Abstract: Large Language Models (LLMs) are being used for a wide variety of tasks. While they are capable of generating human-like responses, they can also produce undesirable output including potentially harmful information, racist or sexist language, and hallucinations. Alignment methods are designed to reduce such undesirable output, via techniques such as fine-tuning, prompt engineering, and representation engineering. However, existing methods face several challenges: some require costly fine-tuning for every alignment task; some do not adequately remove undesirable concepts, failing alignment; some remove benign concepts, lowering the linguistic capabilities of LLMs. To address these issues, we propose Parsimonious Concept Engineering (PaCE), a novel activation engineering framework for alignment. First, to sufficiently model the concepts, we construct a large-scale concept dictionary in the activation space, in which each atom corresponds to a semantic concept. Given any alignment task, we instruct a concept partitioner to efficiently annotate the concepts as benign or undesirable. Then, at inference time, we decompose the LLM activations along the concept dictionary via sparse coding, to accurately represent the activations as linear combinations of benign and undesirable components. By removing the latter ones from the activations, we reorient the behavior of the LLM towards the alignment goal. We conduct experiments on tasks such as response detoxification, faithfulness enhancement, and sentiment revising, and show that PaCE achieves state-of-the-art alignment performance while maintaining linguistic capabilities.

Zhen Tan

Arizona State University

Ph.D. Student

Title: Fathoming the Unfathomable Foundation Models: From Algorithms to Scientific Discovery

Abstract: As foundation models become central to information systems, cybersecurity, and scientific decision-making, their opacity raises critical challenges for trust, accountability, and governance. While much prior work has focused on post-hoc explainability, my research shows that such approaches are intrinsically limited and can even obscure model failures. In this talk, I present a shift from explaining opaque systems to designing trustworthy and interpretable AI by construction. I will introduce diagnostic frameworks that reveal failures in explanation faithfulness and security, such as explanatory inversion and vulnerability to retrieval and communication attacks. I will then demonstrate how concept-based, human-centered model architectures enable glass-box reasoning, actionable interventions, and self-reflection for large language models (LLMs). I will conclude by demonstrating how these ideas translate into real-world impact across AI-driven cybersecurity, conversational agents, agricultural robotics, and neuroscience, and by outlining a vision for information-centric AI systems that are transparent, reliable, and aligned with human values.

Zhenyu Zhang

University of Texas at Austin

Ph.D. Student

Title: Democratizing LLM Training via Low-Rank Methods

Abstract: As Large Language Models (LLMs) continue to scale in size and capability, the cost and complexity of training – particularly memory consumption from optimizer states – have become critical bottlenecks.
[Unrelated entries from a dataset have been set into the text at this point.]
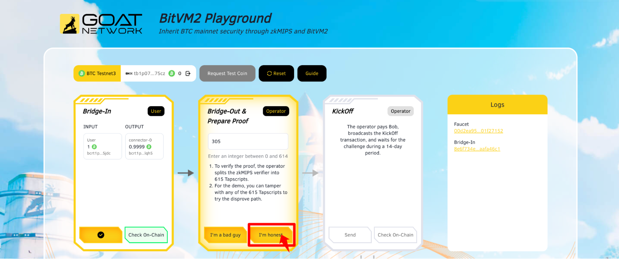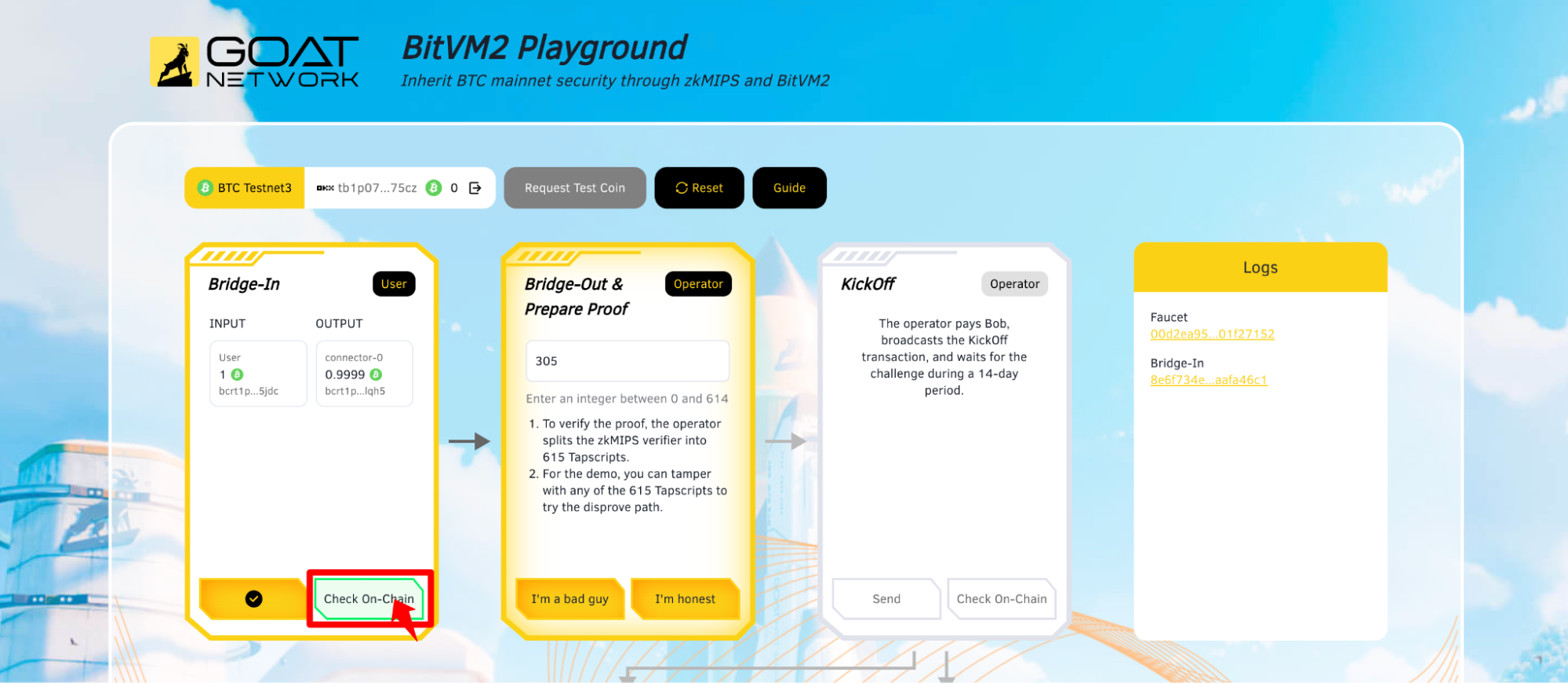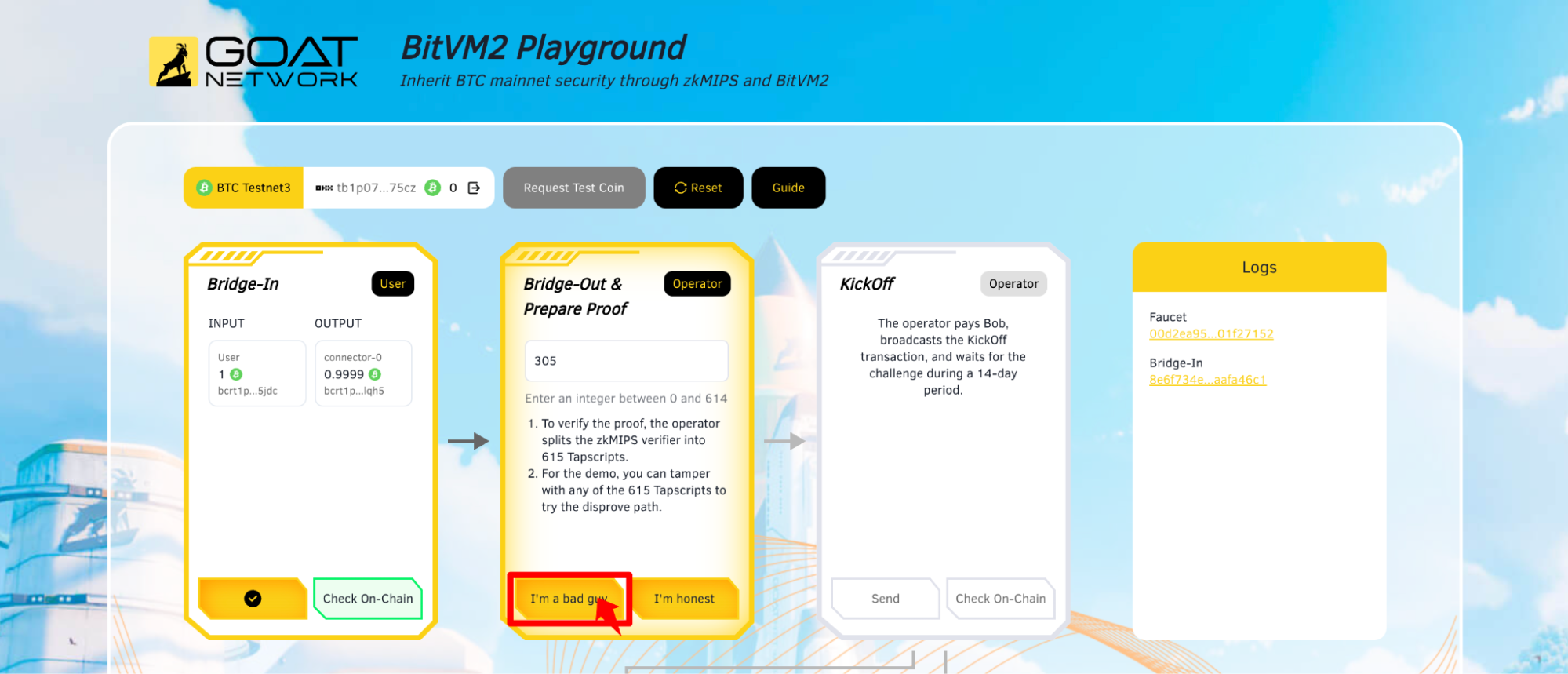 Welcome to the BitVM2 Playground! Here, you can see what it feels like to run the BitVM2 protocol with zkMIPS to verify the GOAT Network's valid zero-knowledge proof; whether you’re a high-level dev or a regular Joe!
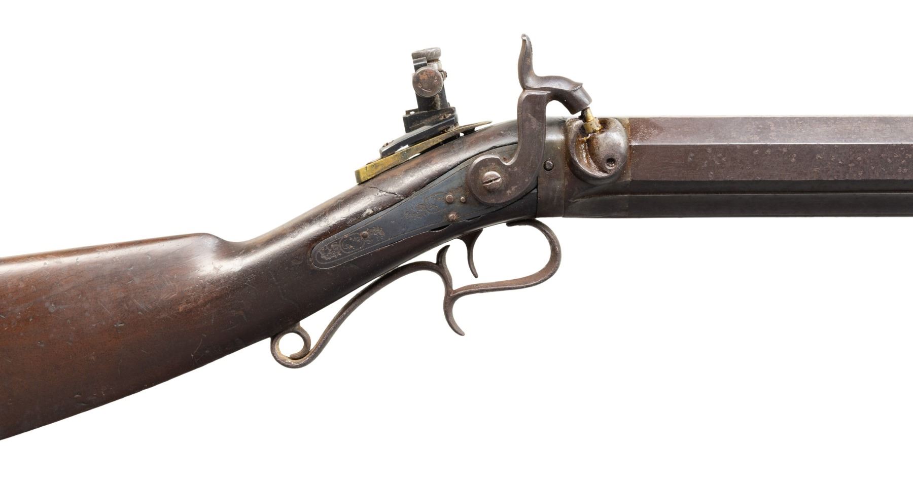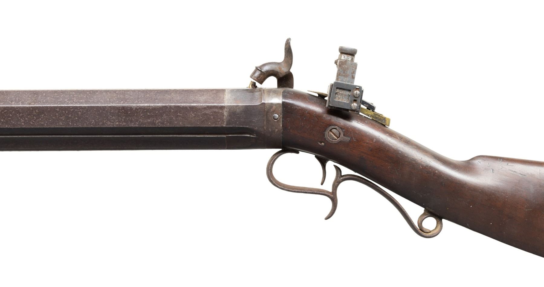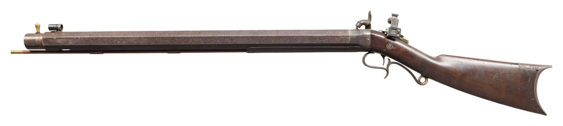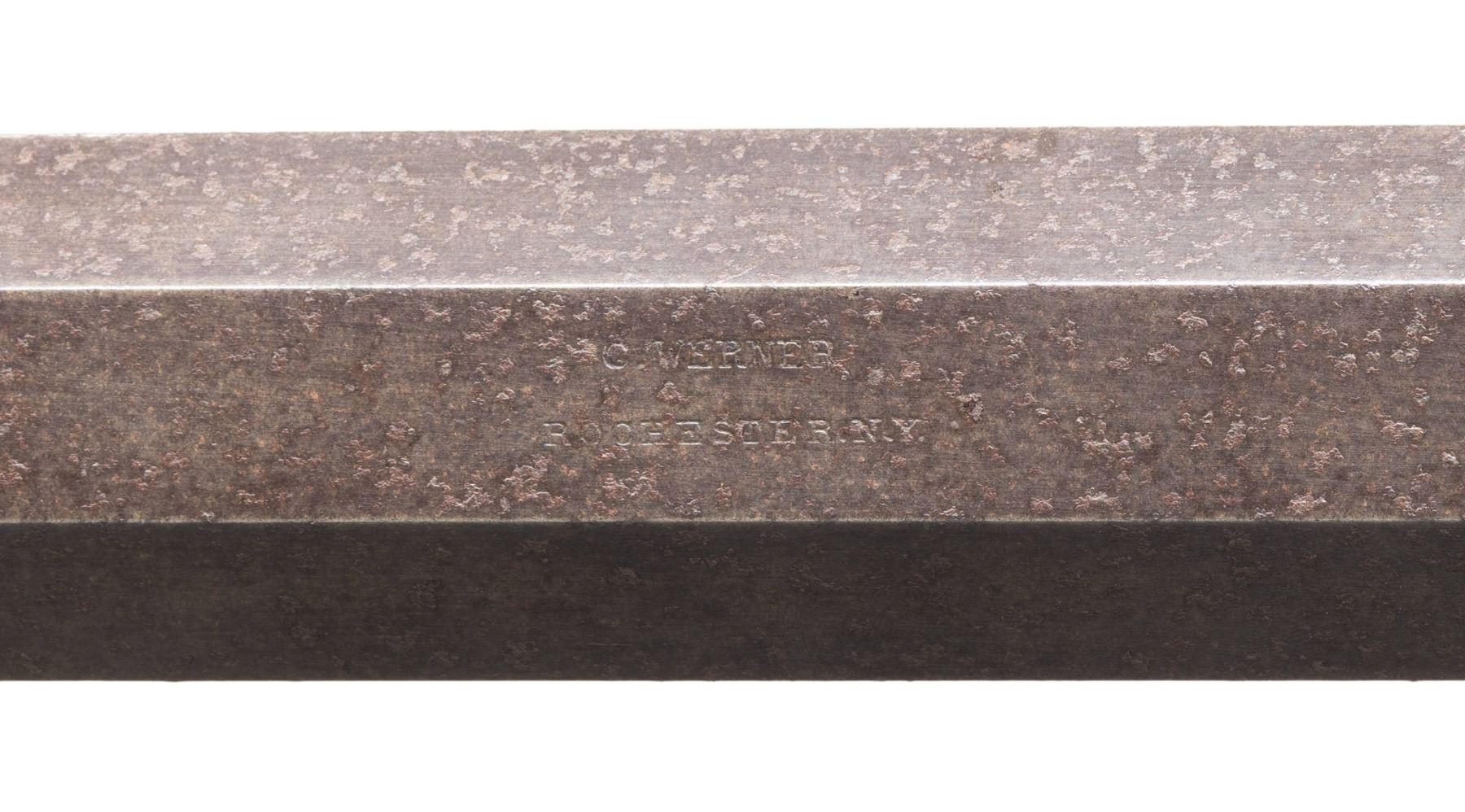 PERCUSSION TARGET RIFLE. Cal. 45. NSN. Charles L Werner (1855-1876) of Rochester, New York made percussion target rifles and air gun. Oct. 26" w/ 1.25" muzzle starter measuring 1 3/8" diameter. Underside of bbl. has large dovetail for target rest, 2 pipes & base for hardwood brass tipped ramrod. Modern globe front sight & Redfield receiver sight having brass tab. Back action lock w/ single trigger. Walnut buttstock w/ crescent buttplate & finger curl triggerguard. CONDITION: metal has brown patina appearance with oxidation throughout. Replacement nipple. Wood has worn appearance with repaired breaks & cracks at top of wrist. Bore shows strong rifling. Muzzle starter is stuck in place. Lock appears mechanically fine. PROVENANCE: Estate Collection of Groves Herrick. (01-28313/MD). ANTIQUE. $500-900.
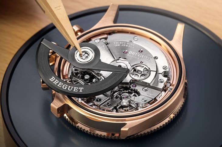 ▲錶背可一探728自動機芯的複雜結構,其由350枚零件組成,寶璣特別將自動盤和導柱輪輪鍍黑,讓人感受到品牌設計的講究與巧思。
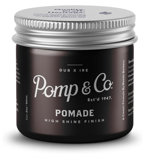 Pomp & Co High Shine Pomade provides a concentrated formula perfect for achieving classic, structured hairstyles. It offers a medium to strong hold depending on the amount applied to your hair. This signature pomade is designed for styles like pomps and slick-backs that require control and polish.
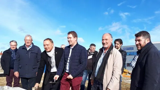 À droite du maire (3e à gauche), Thierry Simelière, Stéphane Le Rouzes et Xavier Gross-Quelen, lors de la pose de la première pierre, mardi 13 novembre, au matin. © OUEST-FRANCE
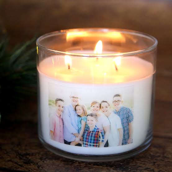 A beautiful scented candle that can be personalised with a photo/name/ message .
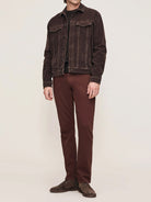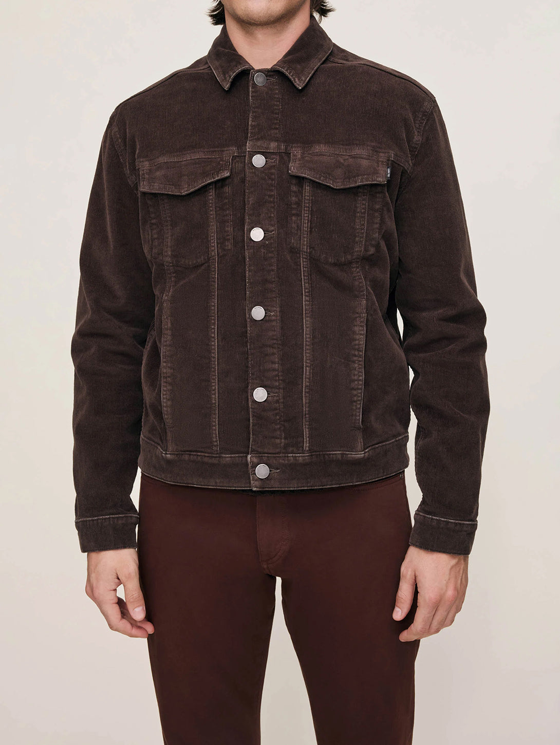 Vaughn is a vintage-inspired classic trucker jacket that’s neat at the shoulders and straight through the body. Meteorite is an ultra deep brown, corduroy. It features silver hardware, tonal stitching, a clean hem and a black back patch.
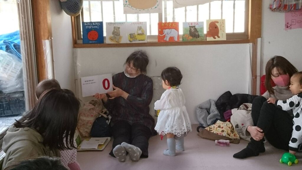 絵本を楽しみに地域の親子が集まりました。 みんながよく知っている 「いないいないばぁ」は 0ヶ月~1歳頃まで、ずーっと楽…
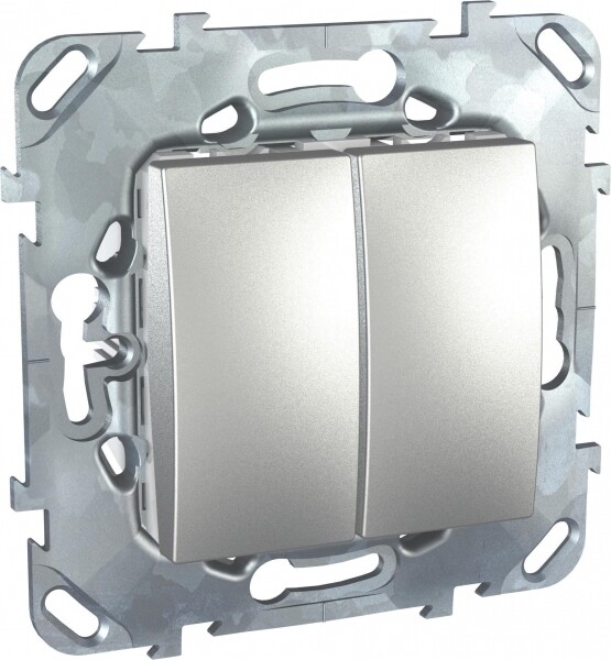 Переключатель двухклавишный Schneider Electric UNICA ТОР (алюминий) без подсветки предназначен для сетей до 250 В на ток до 10 А.
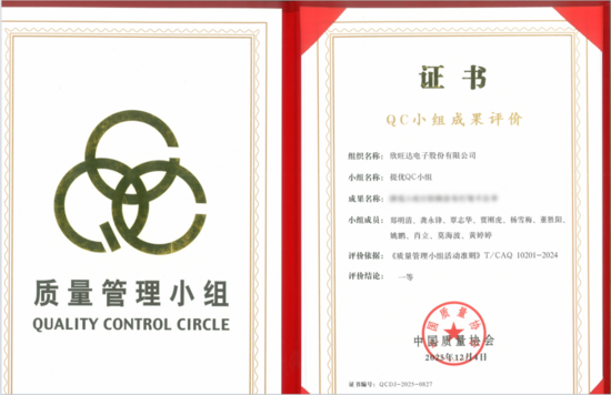 近日,中国质量协会公布年度质量管理小组(QC小组)成果等级评定结果。欣旺达提报的质量改善课题成果,从全国各行业众多优秀项目中脱颖而出,荣获QC小组成果评价一等奖
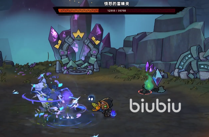 愤怒的雷精灵:擅长雷电攻击的boss,可以不断的召唤闪电来攻击玩家,同时还会瞬移来到战场的其他区域。玩家要打她的话,首先要破除她的护盾,这里需要拾取战场上的锥形晶体砸向boss,砸到两次后可以破除她的护盾,打起来就很快了。
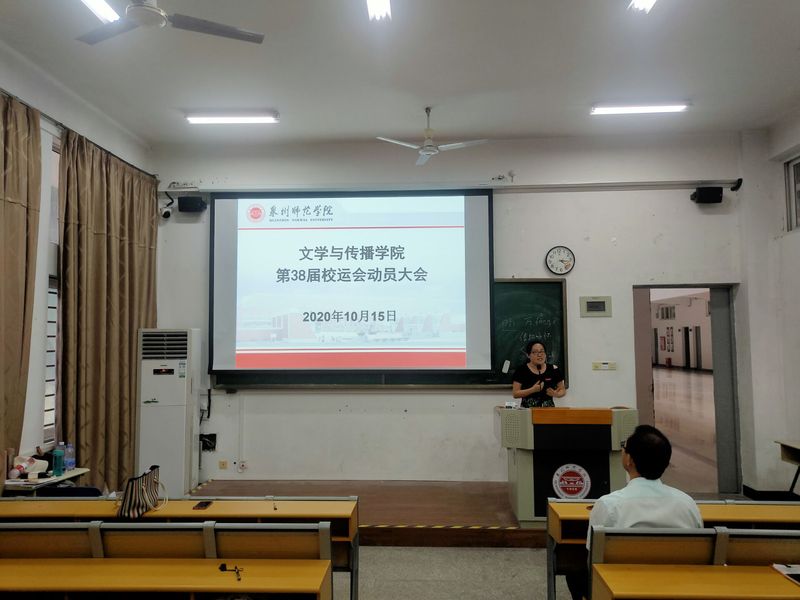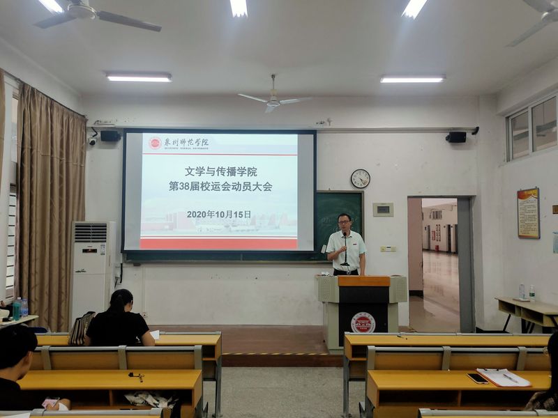 为迎接我校第38届田径运动会,鼓舞我院运动员刻苦训练、争夺佳绩的士气,文传学院于10月15日下午在俊秀东楼109教室组织开展校运会动员大会。本次大会由辅导员白荣耀主持,院党委副书记、纪委书记肖文清,院团委副书记、学工办副主任陈燕红及我院辅导员出席,院体育部学生干部以及全体运动员参加。

In this talk, we explore the evolution of low-rank optimization techniques for LLMs, tracing the progression from GaLore to APOLLO. GaLore introduces a memory-efficient training paradigm by applying low-rank projections to gradients and optimizer states, enabling the training of models with up to 7 billion parameters on consumer-grade GPUs such as the NVIDIA RTX 4090. Building on this foundation, APOLLO demonstrates the surprising effectiveness of rank-1 optimizer states with purely random projections, achieving SGD-level memory overhead while maintaining performance comparable to AdamW. This method brings substantial system-level improvements, including a 3x increase in throughput on 8xA100-80G GPUs and enhanced model scalability.